Most famed among these camps is the notorious Zaatari refugee camp located in the Mafraq Governorate of Jordan. The camp’s inhabiting populous suffers repeatedly from the lack of sufficient food supplies and better accommodation. And without an official police force of sorts, crimes of violence, drug dealing and prostitution have gradually risen. In addition, the geography of Mafraq has not helped. An open desert, Zaatari has suffered over the years from heat waves, winter snows and severe rain floods that have led to multiple evacuations. The refugee camp now houses 80,000 refugees making it the fourth largest city in the country. And although living conditions are well below acceptable, life there is beginning to stabilize.
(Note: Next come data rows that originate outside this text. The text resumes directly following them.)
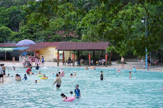 当我驾车抵达,正值午后,偌大的停车场却已经停满了车。许多人一家老小,带着游泳装备,正进进出出,泳池内人声鼎沸,让原本寂静的山间顿时热闹非凡。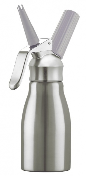 Šlehačková láhev Symphonie je vyrobená z nerezové oceli. Je skvělým pomocníkem pro jednoduchou a především rychlou přípravu chutné šlehačky. Hotovou sladkou či neochucenou šlehačku můžete skladovat až po dobu 10 dnů. Vybrat si můžete objem 0,25 l nebo 0,5 l. K dispozici jsou dvě trysky pro zdobení dezertů, moučníků, palačinek, kávy a dalších. Tělo láhve můžete umýt v myčce nádobí, hlavici pouze ručně. Používá se v kombinaci s jednorázovými a bezzávitovými bombičkami. Záruka na láhev na šlehačku je pět let.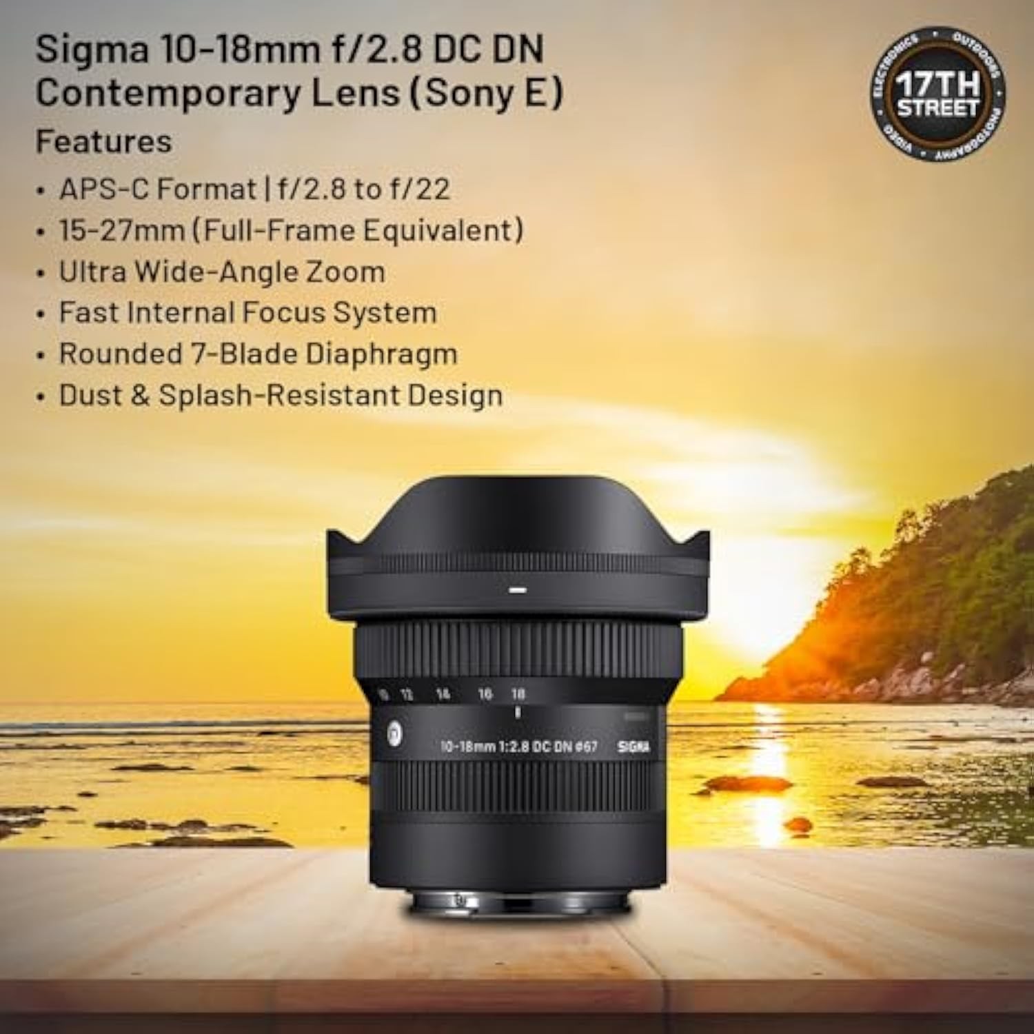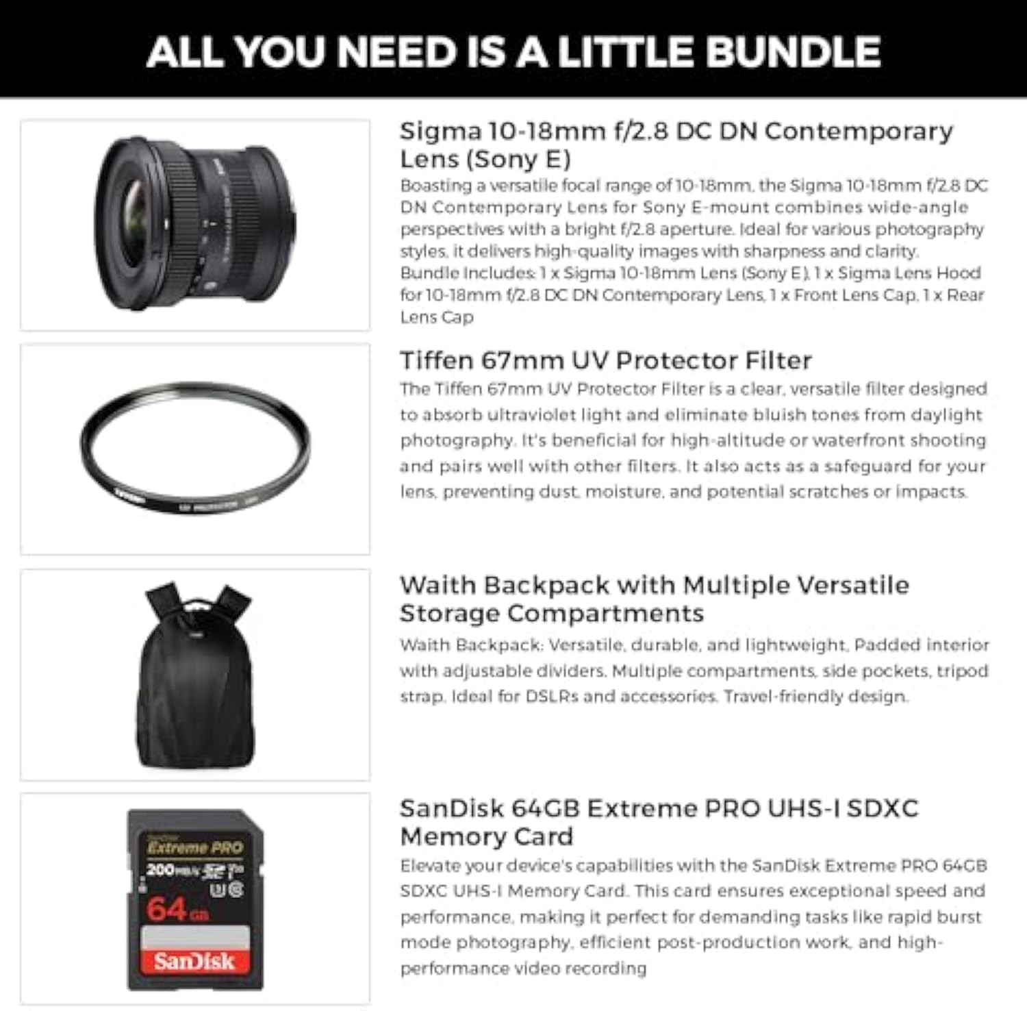 Sigma 10-18mm F2.8 DC DN Contemporary Lens for Sony E | Ultra-wide Zoom, includes a Tiffen 67mm UV protection filter, Waith camera bag, and a 64GB Extreme PRO UHS-I SDXC memory card (kit).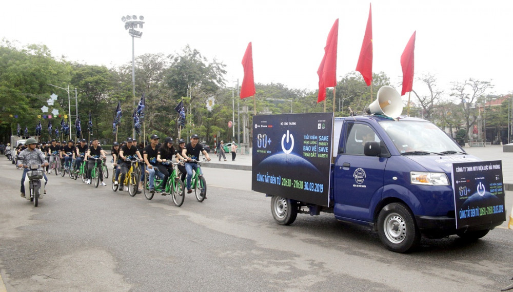 Hưởng ứng chiến dịch Giờ Trái đất năm 2019 với thông điệp ” Save Energy Save Earth – Tiết kiệm năng lượng – bảo vệ trái đất”, sáng 29-3, đoàn thanh niên công ty điện lực Hải Phòng tổ chức diễu hành bằng xe đạp qua các tuyến phố chính của thành phố, tuyên truyền về ý nghĩa của chương trình và kêu gọi mọi người nâng cao ý thức tiết kiệm năng lượng.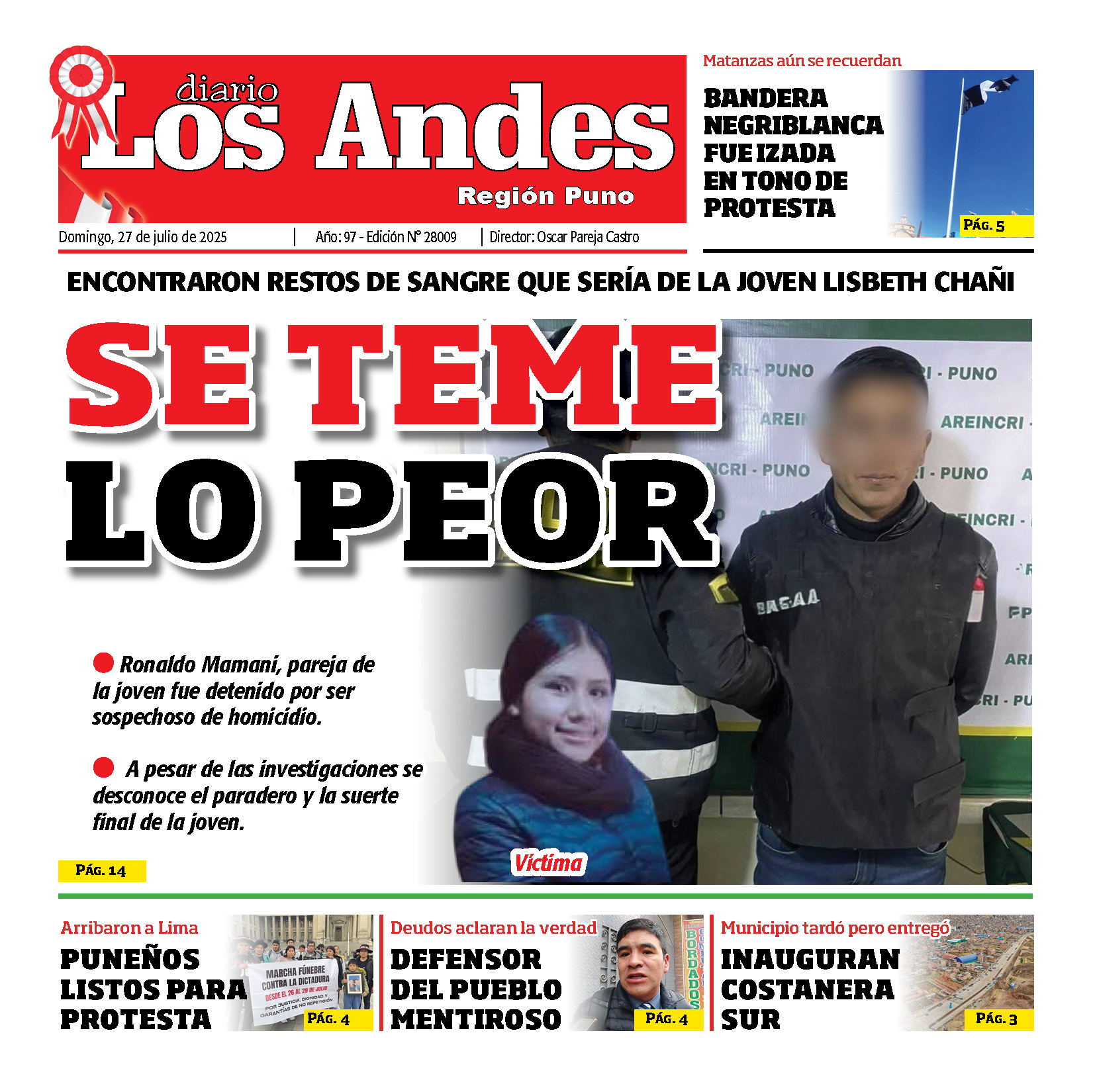 PUNO: Diario Los Andes 27/07/2025 Autor de la entrada Por Diario los Andes Fecha de publicación julio 27, 2025 Categorías En DIARIO VIRTUAL Etiquetas Diario Digital, Diario Los Andes, Puno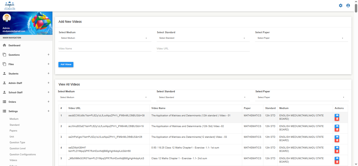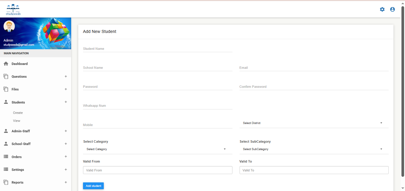 It is a comprehensive educational technology platform designed to streamline question bank management, exam paper generation, and academic assessment processes for schools and institutions. The system allows administrators to: Create and manage question banks Generate manual or automatic question papers Configure question types, levels, units, and syllabus Manage students and staff Provide digital learning resources such as videos, e-books, and teacher materials Generate detailed test reports and analytics With customizable academic settings (medium, standard, subject, test type, academic year), Studyseeds enhances assessment accuracy, reduces manual effort, and improves overall academic performance tracking. This system is ideal for schools, coaching centers, and educational institutions.

According to the Telegraph the camp has, “a pizza delivery service, a coffee shop selling shisha and a street named Champs-Elysée.” This newly found stability may seem like a ray of hope for the Syrian refugees, but personal and mutual experience proves otherwise. My own family is originally a Palestinian refugee family that fled to Jordan after the Palestinian-Israeli conflict erupted in 1948. Many family members lived in one of twelve Palestinian refugee camps that were set up by the UNRWA. These camps, like every other camp established in the Middle East, were intended to be a temporary solution until the refugees could return home or were given citizenship or residency. In reality, these camps are now bustling urban slums and ghettos that have transformed into permanent cities and districts in their own rights. The fear lies in the transformation of Zaatari into one of these camps. With no end in sight to the growth of the camp or the crisis itself, the situation may seem helpless from where we stand as college students.
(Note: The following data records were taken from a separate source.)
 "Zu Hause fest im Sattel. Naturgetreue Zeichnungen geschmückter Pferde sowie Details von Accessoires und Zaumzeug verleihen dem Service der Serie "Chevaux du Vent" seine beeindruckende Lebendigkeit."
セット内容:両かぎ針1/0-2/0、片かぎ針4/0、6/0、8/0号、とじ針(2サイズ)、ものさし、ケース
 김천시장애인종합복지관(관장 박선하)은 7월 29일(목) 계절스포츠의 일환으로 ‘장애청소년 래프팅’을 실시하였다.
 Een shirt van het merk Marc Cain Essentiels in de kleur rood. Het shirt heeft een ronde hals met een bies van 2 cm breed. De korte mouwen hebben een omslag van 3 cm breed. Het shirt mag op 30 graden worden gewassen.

But what if each one of us Middlebury students can help? There have been many college-based organizations like Amnesty International aimed at helping these refugees. But to create a bigger impact, we have launched a petition (Go/Refuge), in collaboration with Jordan University, aimed at creating a minimum quota of refugees to be admitted to Middlebury College. With every extra signature we get, we are one step closer to helping those in need even in our Vermont remoteness.